Le jupon et le voile.

Le jupon et le voile.

Le récent triomphe de M. Santos-Dumont a remis à la mode la question de la navigation aérienne, et notre éminent collaborateur Tiburce, vous en a dit, là-dessus, tout ce qu'il en était intéressant de savoir.
Mais l'on applaudit, avec raison, les arrivées, on oublie trop souvent, avec moins de justice, les humbles collaborateurs, qui servirent de marche-pied au triomphe final.
Cette hantise d'imiter l'oiseau date de loin, puisque la fable nous parle d'Icare qui, désespérant de sortir du labyrinthe où l'avait enfermé Minos, s'attacha des ailes dans le dos pour s'échapper de sa prison.
Après lui, vinrent au travers des âges, les ailes au pieds, à la tête; les parapluies utilisés comme parachutes et toutes sortes d'inventions baroques tendant à augmenter la surface du corps humain, afin qu'il arrivât à déplacer plus d'air qu'il n'en pèse.
Mais le ballon, le vrai ballon, avec la nacelle commode où l'aéronaute attend de choisir entre la mort par le froid ou par la chute, n'était pas encore trouvé.
Les hommes le cherchaient et parmi eux les frères Montgolfier. Les femmes ne le cherchaient pas. Ce fut ces dernières qui le trouvèrent. Aux innocents les mains pleines.
Un jour, Mme de Montgolfier, femme du célèbre ingénieur, faisait, en sa tranquille maison de province, procéder à la lessive.
Sur le cuvier, les lavandières avaient, comme c'est l'habitude encore, paraît-il, étendu un chiffon sacrifié, et ce dernier se trouvait être un vieux jupon dont on avait fermé la ceinture en le ficelant comme le haut d'un sac. Le jupon se trouvait ainsi transformé en une sorte de cloche qui tenait au cuvier par ses bords bien repliés et enfoncés sous le linge.
La lessive chauffait, les signes extérieurs de cette importante opération étaient satisfaisants et les lavandières empressées et contentes.
Montgolfier, accoudé au balcon qui dominait sa cour, regardait machinalement cette animation domestique, et peut-être, son esprit, toujours à la poursuite de ce grand problème d'aviation qui le hantait, enviait-il la buée du cuvier, aéronaute habile, qui s'enlevait toute seule en tourbillons pressés.
Tout à coup, la vapeur qui montait du linge ébouillanté, amassée sous le chiffon qui faisait couverture, enleva le jupon comme une cloche et l'ingénieur stupéfait, vit ce vêtement, emprunté à la garde-robe de sa femme, monter jusqu'au balcon où il s'accrocha.
Ce fut pour le chercheur un trait de lumière.

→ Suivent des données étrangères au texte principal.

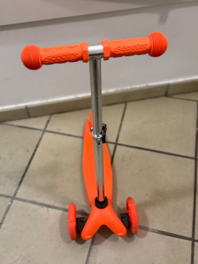 Detalles del productoPatinete de tres ruedas en color naranja, ideal para niños.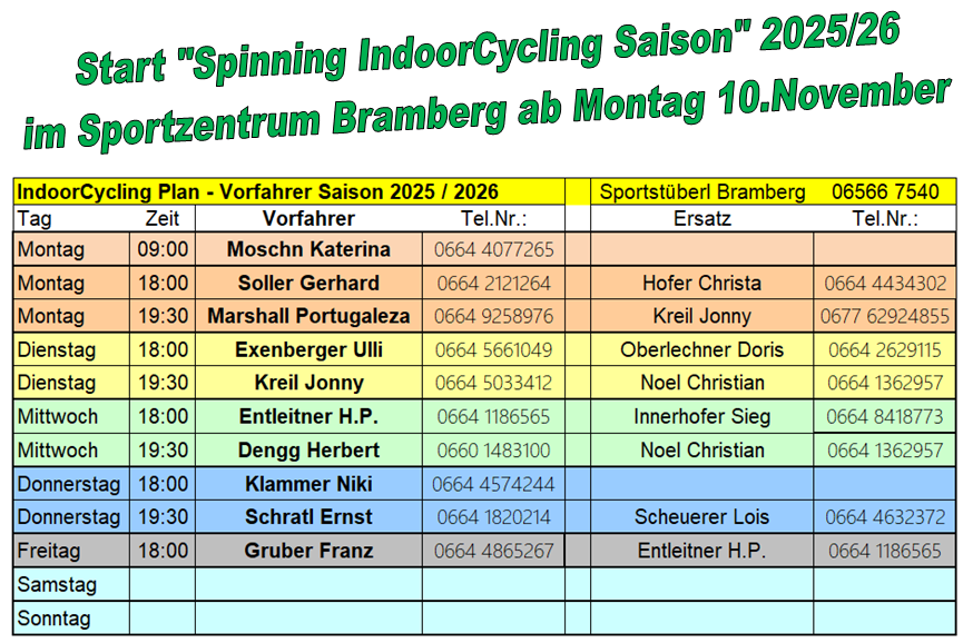 Die Smaragdbiker Spinning Saison 2025/26 startet wieder am 10. November im Sportstüberl Bramberg.

Quelques mois plus tard, le premier ballon à air chauffé, plus léger que l'air atmosphérique, s'élevait dans les airs.
L'inventeur, par reconnaissance pour le jupon, donna un nom féminin à son ballon: il l'appela Montgolfière.
Le jupon n'est pas le seul vêtement ayant eu un rôle social. Bien avant lui, le voile, le grand voile qui rendait si touchante et si belle la silhouette féminine, avait trouvé une utilisation très inattendue et qui devait durer bien longtemps.
Cela se passait aux temps héroïques de l'histoire; à l'aurore de l'ère quaternaire, au moment où l'homme, après avoir péniblement conquis la terre sur les fauves, bâtissait son premier logis, ensemençait son premier champ.
Comme les familles se partageaient le sol, il fallait, lorsqu'elles devenaient trop nombreuses, que le trop plein émigrât afin que les exigences de la tribu ne fussent pas plus hautes que les ressources du point occupé.
Et, comme il n'y avait point encore de routes, on se servait volontiers de la rivière. Assez vivement, l'homme avait su tiré parti du tronc d'arbre creusé; mais parfois, la barque restait en panne lorsque le courant se ralentissait ou que les bras des rameurs se fatiguaient.
Alors, pensive, la femme qui était trop faible pour manier les rames se rappela que souvent, lorsqu'elle traversait la plaine, le vent qui courait sans contrainte, avait en enflant son voile aidé à la rapidité de sa marche.
Elle ôta son voile pour en faire la voile. Et longtemps, bien longtemps, presque jusqu'à la vapeur, le navire, en souvenir d'elle, porta sa proue géminée.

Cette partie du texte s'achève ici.